The U.S. Senate hearing on Tuesday saw the Securities and Exchange Commission (SEC) and Commodities and Futures Trading Commission (CFTC) discuss issues pertaining to cryptocurrency and token sale regulation. SEC chairman Jay Clayton stressed that token sales will soon experience tighter regulations. Specifically, Clayton acknowledged that every token offering observed by the SEC to date is considered a security, and that should a token issued by a company increase in value over time depending on the performance of the company, it is considered a security, “You can call it a coin, but if it functions like a security, it’s a security.” This implies that the overwhelming majority of token that will be issued going forward will be considered as a security.

Clayton issued a stark warning for professionals “those that engage in semantic gymnastics … are squarely within the crosshairs of our enforcement division.” He also made a distinction between tokens issued in offerings and cryptocurrencies such as Bitcoin and Ethereum, classing the former as securities, and the latter as “true cryptocurrencies”, with public Blockchain networks with native cryptocurrencies either mined or produced by the public.

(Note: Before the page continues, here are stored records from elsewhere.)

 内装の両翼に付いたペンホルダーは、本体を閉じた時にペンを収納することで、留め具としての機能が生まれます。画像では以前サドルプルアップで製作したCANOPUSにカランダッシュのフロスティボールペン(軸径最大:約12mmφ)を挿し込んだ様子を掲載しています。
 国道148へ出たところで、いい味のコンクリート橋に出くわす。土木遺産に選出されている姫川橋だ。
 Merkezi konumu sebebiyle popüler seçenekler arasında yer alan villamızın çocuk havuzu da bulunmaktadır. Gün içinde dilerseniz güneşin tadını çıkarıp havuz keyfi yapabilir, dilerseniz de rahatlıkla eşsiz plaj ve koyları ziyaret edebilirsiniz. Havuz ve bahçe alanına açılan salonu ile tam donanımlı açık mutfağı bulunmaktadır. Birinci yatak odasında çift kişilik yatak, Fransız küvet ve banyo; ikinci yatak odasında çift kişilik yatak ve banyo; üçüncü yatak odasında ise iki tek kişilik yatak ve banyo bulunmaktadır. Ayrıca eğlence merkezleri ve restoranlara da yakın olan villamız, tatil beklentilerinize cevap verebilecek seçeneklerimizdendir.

In turn, this suggests a different set of rules are likely to govern the latter.

Gibraltar is making solid progress in becoming one of the world’s first jurisdictions to officially introduce token sale regulation. Last week, it was reported that the southern European state’s government and chief financial watchdog the Gibraltar Financial Services Commission (GFSC) have announced that in the coming weeks they will develop a draft law to regulate the token sale space, through developing rules for the promotion, sale and distribution of digital tokens within the territory.

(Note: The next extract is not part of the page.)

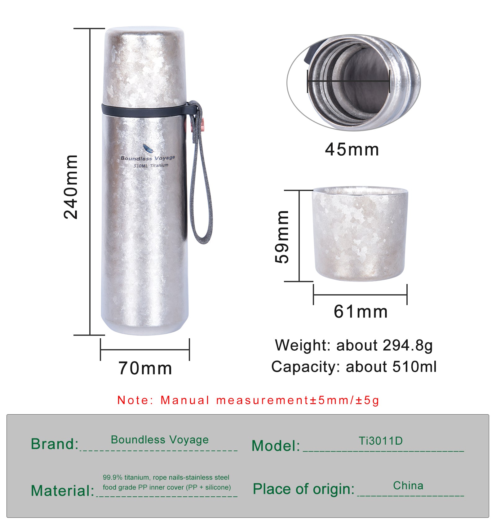 Boundless voyage titanium Vacuum-Insulated Beverage Bottle Large Capacity 510ml Outdoor Portable Vacuum Flask water bottles Hiking water bottle
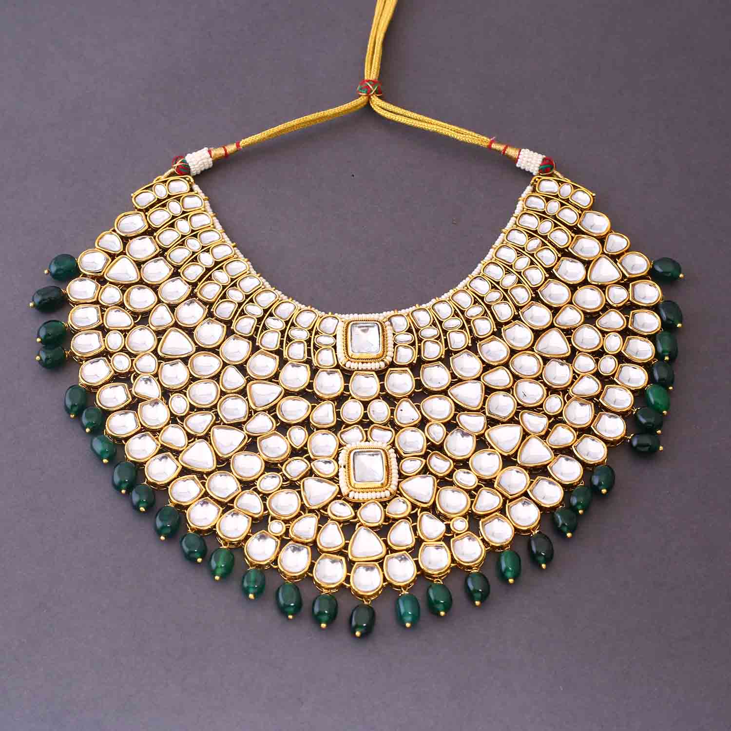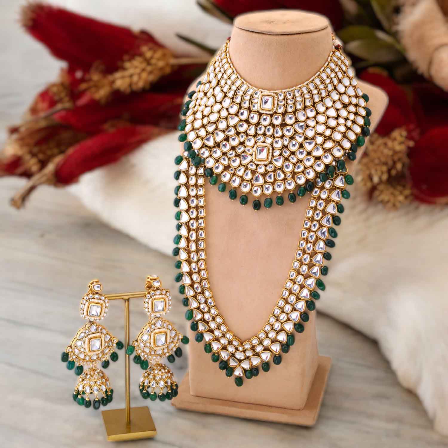 The set includes a stunning necklaces, matching earrings, and a beautiful maang tikka, all meticulously crafted with high-quality Kundan stones and lustrous pearls. The gold-plated finish adds a touch of elegance, making it a perfect complement to any bridal ensemble. With proper care, this jewelry will remain a cherished keepsake for years to come

According to lawmakers, it will be the first ever set of regulations developed specifically for token offerings. And among the main rules to be introduced will be the concept of “authorized sponsors,” who will be responsible for “assuring compliance with disclosure and financial crime rules,” according to one of the GFSC’s senior advisors. Laws will also be implemented to ensure token sale projects provide “adequate, accurate and balanced information to anyone buying tokens”.

And it seems not long after Gibraltar will be the turn of Abu Dhabi. Reports over the weekend revealed that the Financial Services Regulatory Authority (FSRA) of the Abu Dhabi Global Market (ADGM) is preparing a set of regulations for cryptocurrencies, token offerings and cryptocurrency exchanges, although no date has been ascertained for when those regulations are expected to be released. The FSRA had previously warned about token sale risks back in October, and in early-February the UAE Securities and Commodities Authority (SCA) issued a warning to investors they should assume all risks associated with investing in digital tokens, as it is not yet regulated in the region. But with the recent pronouncements from Abu Dhabi, this looks set to change soon.

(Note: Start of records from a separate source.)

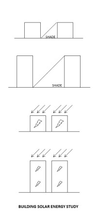 Intuitively, and as the first two graphics in the third exhibit illustrate, any building will cast an amount of shadow in sunlight, and of course in proportion to its overall shape, size, and height. When buildings require no energy input or benefit from shade, such shadowing is not a problem or source of inefficiency, and even may result in efficiency gains.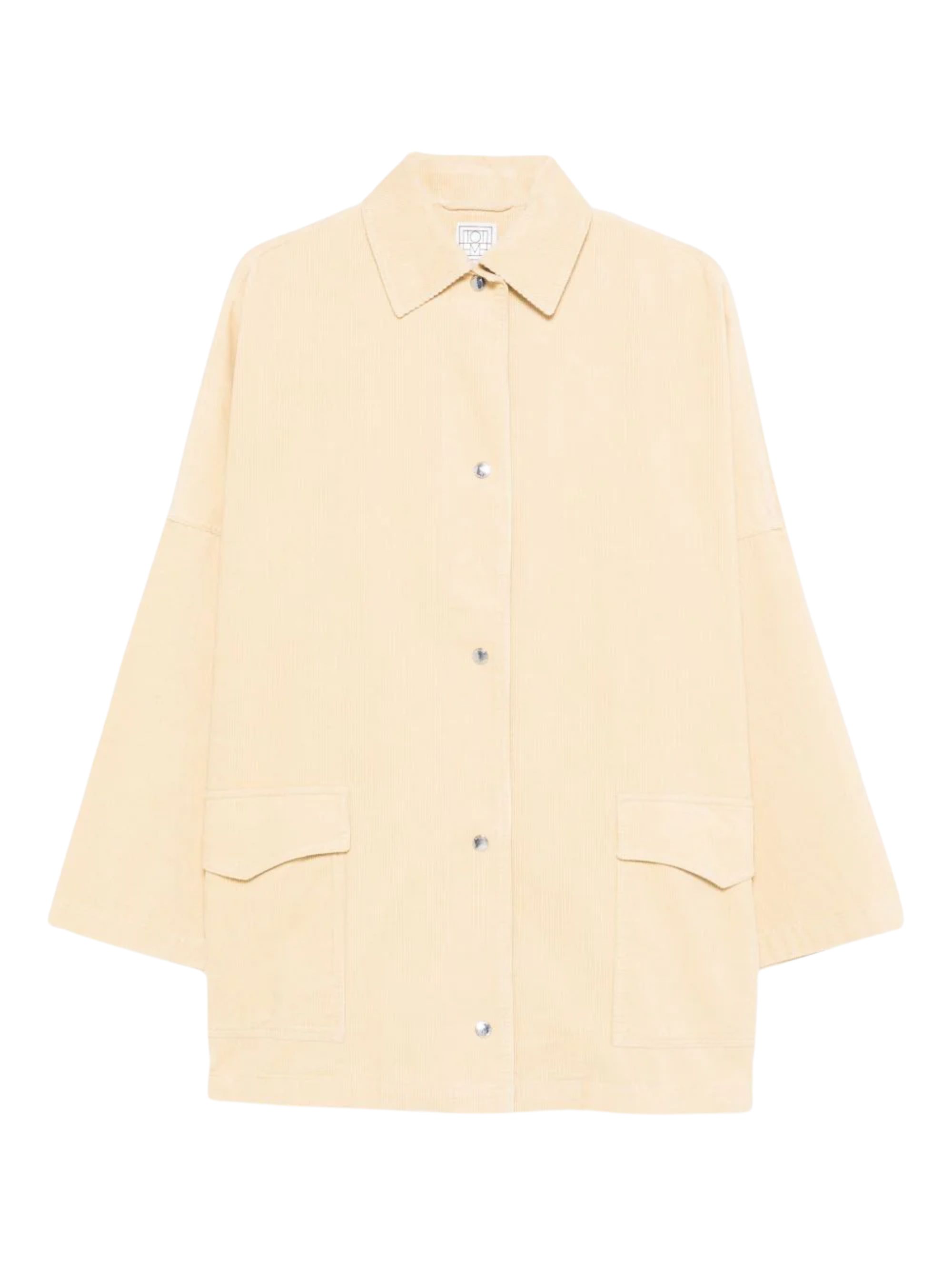 Giacca a costine di TOTEME beige in cotone, caratterizzata da lavorazione a costine, colletto a camicia, maniche ampie lunghe, chiusura frontale con bottoni, tasche applicate, fondo dritto e vestibilità oversize.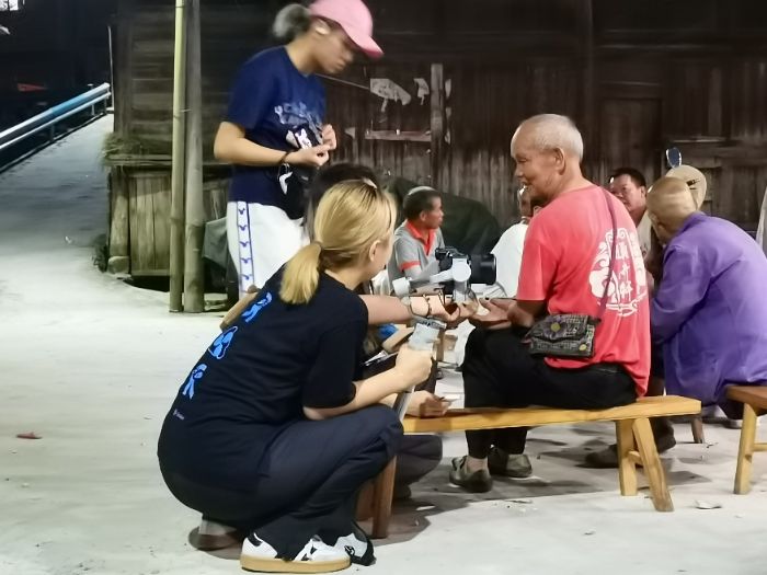 實踐隊用鏡頭對準侗族生活的細節,記錄了拱橋下的群鴨、篝火旁合唱的歌隊、鼓樓下飛針走線的繡娘和廊下乘涼的阿婆這些獨具特色的侗族大群像以及實踐隊員受到村民的熱情招待和學習民俗文化時“抓耳撓腮”的可愛模樣。這部充滿真情實感的紀錄片,將成為侗族文化傳播最溫情的廣告片,也是地捫侗寨一份珍貴的數字檔案。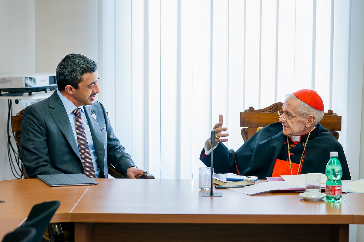 H.H. Sheikh Abdullah bin Zayed Al Nahyan, Minister of Foreign Affairs and International Cooperation today met Cardinal Jean-Louis Pierre Tauran, the President of the Pontifical Council for the Interreligious Dialogue in the Vatican State to discuss ways of boosting cooperation between the two countries.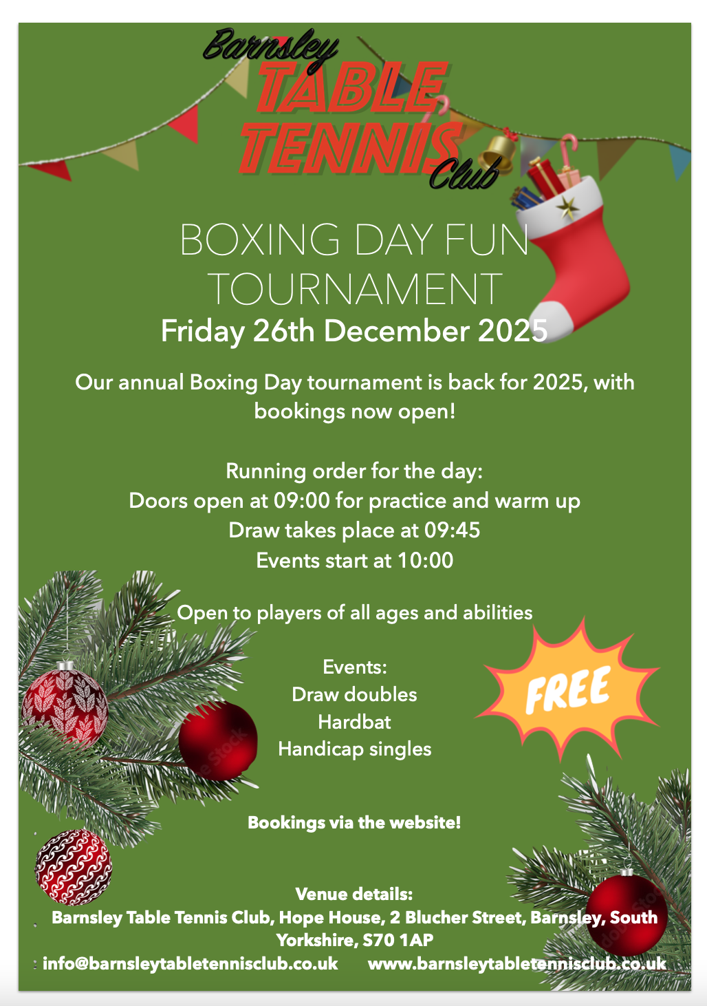 Come and join us for our annual boxing day tournament at Barnsley Table Tennis Club! It's open to everyone, whether you're a beginner or competing in local leagues and competitions.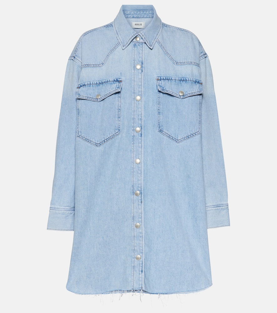 Material: 100% cotton (organic). Care instructions: machine wash cold. Made in Turkey. Designer color name: Flush. Closure: snap-buttoned front. Pockets: snap-buttoned pockets. Shop the latest Agolde Mini Dresses for women.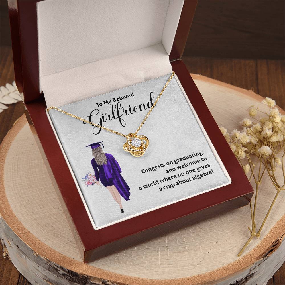 Honor her success by being happy and showing your love for her! This fun graduation necklace for your girlfriend has a message card that teases her about the one subject she won’t miss—algebra. It’s just the right blend of fun and emotion for your sharp and sexy grad.

A regulatory agency supported by China’s banking and securities sectors is aiming to expand its oversight over token offerings this year. As per its annual meeting on Thursday, China’s National Internet Finance Association (NIFA) has stated that although token sales and cryptocurrencies were already on its radar last year, it will likely become a more permanent part of its 2018 agenda. According to a NIFA statement, special monitoring projects in 2017 included issuing warnings on virtual currencies, token offerings and ‘disguised’ token offerings. And 2018 “will be a critical year for the association to normalize and standardize its existing efforts put into these projects.”

NIFA was first initiated in 2015 by the People’s Bank of China (PBoC), and was formed in part to scrutinize projects breaking new ground in internet finance, such as peer-to-peer lending and cryptocurrencies. As such, this latest move shows that it is taking the crypto and token sale space more seriously as this rapidly growing market develops and matures. It also follows several warnings NIFA made last year regarding token sales and cryptocurrencies, especially one issued just a few days before the PBoC issued a formal ban on token sales.

In what is being perceived as move to combat the policies of Donald Trump, the US city of Berkeley, California, is considering launching a token offering to fund affordable housing. The move follows concerns from the city that Trump will cut its federal funding, having last year tweeted “If U.C. Berkeley does not allow free speech and practices violence on innocent people with a different point of view – NO FEDERAL FUNDS?”. The tweet followed student protests that led to the cancellation of a conservative speaker’s planned event. And with Berkeley being a sanctuary city, which means it doesn’t have to follow the government’s lead in enforcing immigration law, the Trump administration has recently been escalating the fight against such cities in a bid to reform immigration.

In response, therefore, a token offering could be a way for the city to help the increasing homeless population. Ben Bartlett, a member of the Berkeley City Council, has formed a working group on a token sale launch with the city’s mayor Jesse Arreguín, the UC Berkeley Blockchain Lab, and fintech start-up Neighborly. And Bartlett believes that a token offering could combat the current presidential administration, “Berkeley is the center of the resistance, and for the resistance to work, it must have a coin…We have a jobs explosion and a super tight housing crunch. You’re looking at a disaster. We thought we’d pull together the experts and find a way to finance [affordable housing] ourselves.” According to the plans, moreover, the tokens would be backed by municipal bonds, and investors could use them in crypto-participating shops in the city or even for apartment rentals that would accept the token.